The entries below should be set down again exactly, with every picture left out.

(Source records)

┄┄┄┄┄┄

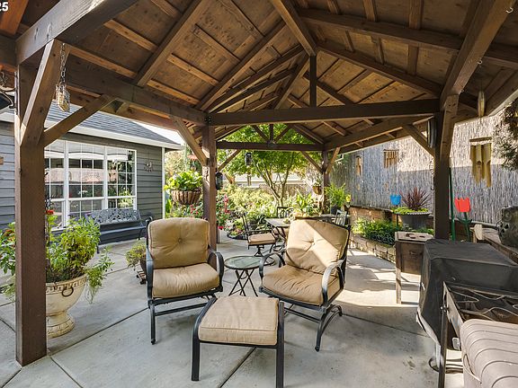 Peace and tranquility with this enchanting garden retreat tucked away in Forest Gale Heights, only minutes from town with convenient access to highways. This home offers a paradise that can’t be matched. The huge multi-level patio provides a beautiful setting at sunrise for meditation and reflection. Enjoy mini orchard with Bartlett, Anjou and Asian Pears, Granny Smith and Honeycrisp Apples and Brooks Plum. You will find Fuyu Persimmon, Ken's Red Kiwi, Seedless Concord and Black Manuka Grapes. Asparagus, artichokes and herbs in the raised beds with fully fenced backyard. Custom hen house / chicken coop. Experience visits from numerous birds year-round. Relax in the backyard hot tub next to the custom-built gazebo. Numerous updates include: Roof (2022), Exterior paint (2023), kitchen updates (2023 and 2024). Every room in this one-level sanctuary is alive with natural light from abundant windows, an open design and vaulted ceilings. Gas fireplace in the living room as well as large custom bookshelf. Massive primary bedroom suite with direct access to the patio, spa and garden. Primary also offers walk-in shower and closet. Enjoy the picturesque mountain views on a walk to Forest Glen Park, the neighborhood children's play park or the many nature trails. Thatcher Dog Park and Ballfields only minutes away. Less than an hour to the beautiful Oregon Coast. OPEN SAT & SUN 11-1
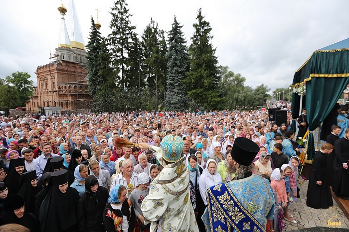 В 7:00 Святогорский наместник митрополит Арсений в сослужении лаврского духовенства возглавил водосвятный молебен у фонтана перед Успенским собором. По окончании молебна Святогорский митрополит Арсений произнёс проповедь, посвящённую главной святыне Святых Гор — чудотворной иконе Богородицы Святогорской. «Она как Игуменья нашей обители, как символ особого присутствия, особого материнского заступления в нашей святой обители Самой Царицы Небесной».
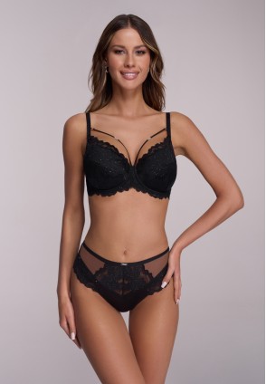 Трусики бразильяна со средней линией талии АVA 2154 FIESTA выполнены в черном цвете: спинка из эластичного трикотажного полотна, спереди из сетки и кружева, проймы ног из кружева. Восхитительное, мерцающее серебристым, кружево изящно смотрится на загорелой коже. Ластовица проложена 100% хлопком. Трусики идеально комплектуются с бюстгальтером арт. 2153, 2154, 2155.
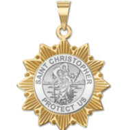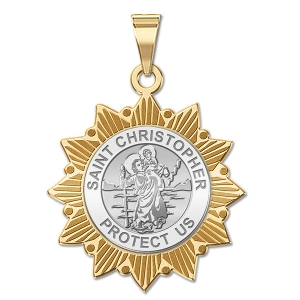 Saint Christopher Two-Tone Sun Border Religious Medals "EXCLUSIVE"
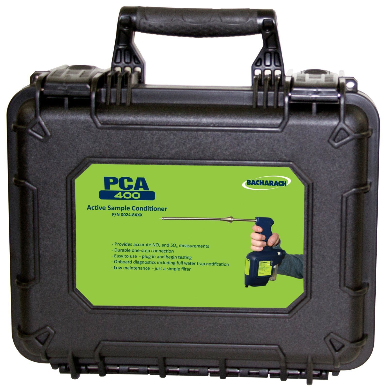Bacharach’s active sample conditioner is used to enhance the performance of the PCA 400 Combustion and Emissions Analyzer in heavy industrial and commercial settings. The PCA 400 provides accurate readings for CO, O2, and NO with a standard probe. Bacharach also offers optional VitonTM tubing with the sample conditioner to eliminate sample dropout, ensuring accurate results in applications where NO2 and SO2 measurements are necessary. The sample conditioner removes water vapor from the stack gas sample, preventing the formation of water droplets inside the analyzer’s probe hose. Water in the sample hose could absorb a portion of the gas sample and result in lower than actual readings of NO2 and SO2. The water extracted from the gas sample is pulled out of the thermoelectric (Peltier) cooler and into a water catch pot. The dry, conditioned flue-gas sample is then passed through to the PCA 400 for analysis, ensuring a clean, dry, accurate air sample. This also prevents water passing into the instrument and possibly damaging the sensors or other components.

┄┄┄┄┄┄

## RESPONSE TO THE EXERCISE:
 Peace and tranquility with this enchanting garden retreat tucked away in Forest Gale Heights, only minutes from town with convenient access to highways. This home offers a paradise that can’t be matched. The huge multi-level patio provides a beautiful setting at sunrise for meditation and reflection. Enjoy mini orchard with Bartlett, Anjou and Asian Pears, Granny Smith and Honeycrisp Apples and Brooks Plum. You will find Fuyu Persimmon, Ken's Red Kiwi, Seedless Concord and Black Manuka Grapes. Asparagus, artichokes and herbs in the raised beds with fully fenced backyard. Custom hen house / chicken coop. Experience visits from numerous birds year-round. Relax in the backyard hot tub next to the custom-built gazebo. Numerous updates include: Roof (2022), Exterior paint (2023), kitchen updates (2023 and 2024). Every room in this one-level sanctuary is alive with natural light from abundant windows, an open design and vaulted ceilings. Gas fireplace in the living room as well as large custom bookshelf. Massive primary bedroom suite with direct access to the patio, spa and garden. Primary also offers walk-in shower and closet. Enjoy the picturesque mountain views on a walk to Forest Glen Park, the neighborhood children's play park or the many nature trails. Thatcher Dog Park and Ballfields only minutes away. Less than an hour to the beautiful Oregon Coast. OPEN SAT & SUN 11-1
 В 7:00 Святогорский наместник митрополит Арсений в сослужении лаврского духовенства возглавил водосвятный молебен у фонтана перед Успенским собором. По окончании молебна Святогорский митрополит Арсений произнёс проповедь, посвящённую главной святыне Святых Гор — чудотворной иконе Богородицы Святогорской. «Она как Игуменья нашей обители, как символ особого присутствия, особого материнского заступления в нашей святой обители Самой Царицы Небесной».
 Трусики бразильяна со средней линией талии АVA 2154 FIESTA выполнены в черном цвете: спинка из эластичного трикотажного полотна, спереди из сетки и кружева, проймы ног из кружева. Восхитительное, мерцающее серебристым, кружево изящно смотрится на загорелой коже. Ластовица проложена 100% хлопком. Трусики идеально комплектуются с бюстгальтером арт. 2153, 2154, 2155.
 Saint Christopher Two-Tone Sun Border Religious Medals "EXCLUSIVE"
Bacharach’s active sample conditioner is used to enhance the performance of the PCA 400 Combustion and Emissions Analyzer in heavy industrial and commercial settings. The PCA 400 provides accurate readings for CO, O2, and NO with a standard probe. Bacharach also offers optional VitonTM tubing with the sample conditioner to eliminate sample dropout, ensuring accurate results in applications where NO2 and SO2 measurements are necessary. The sample conditioner removes water vapor from the stack gas sample, preventing the formation of water droplets inside the analyzer’s probe hose. Water in the sample hose could absorb a portion of the gas sample and result in lower than actual readings of NO2 and SO2. The water extracted from the gas sample is pulled out of the thermoelectric (Peltier) cooler and into a water catch pot. The dry, conditioned flue-gas sample is then passed through to the PCA 400 for analysis, ensuring a clean, dry, accurate air sample. This also prevents water passing into the instrument and possibly damaging the sensors or other components.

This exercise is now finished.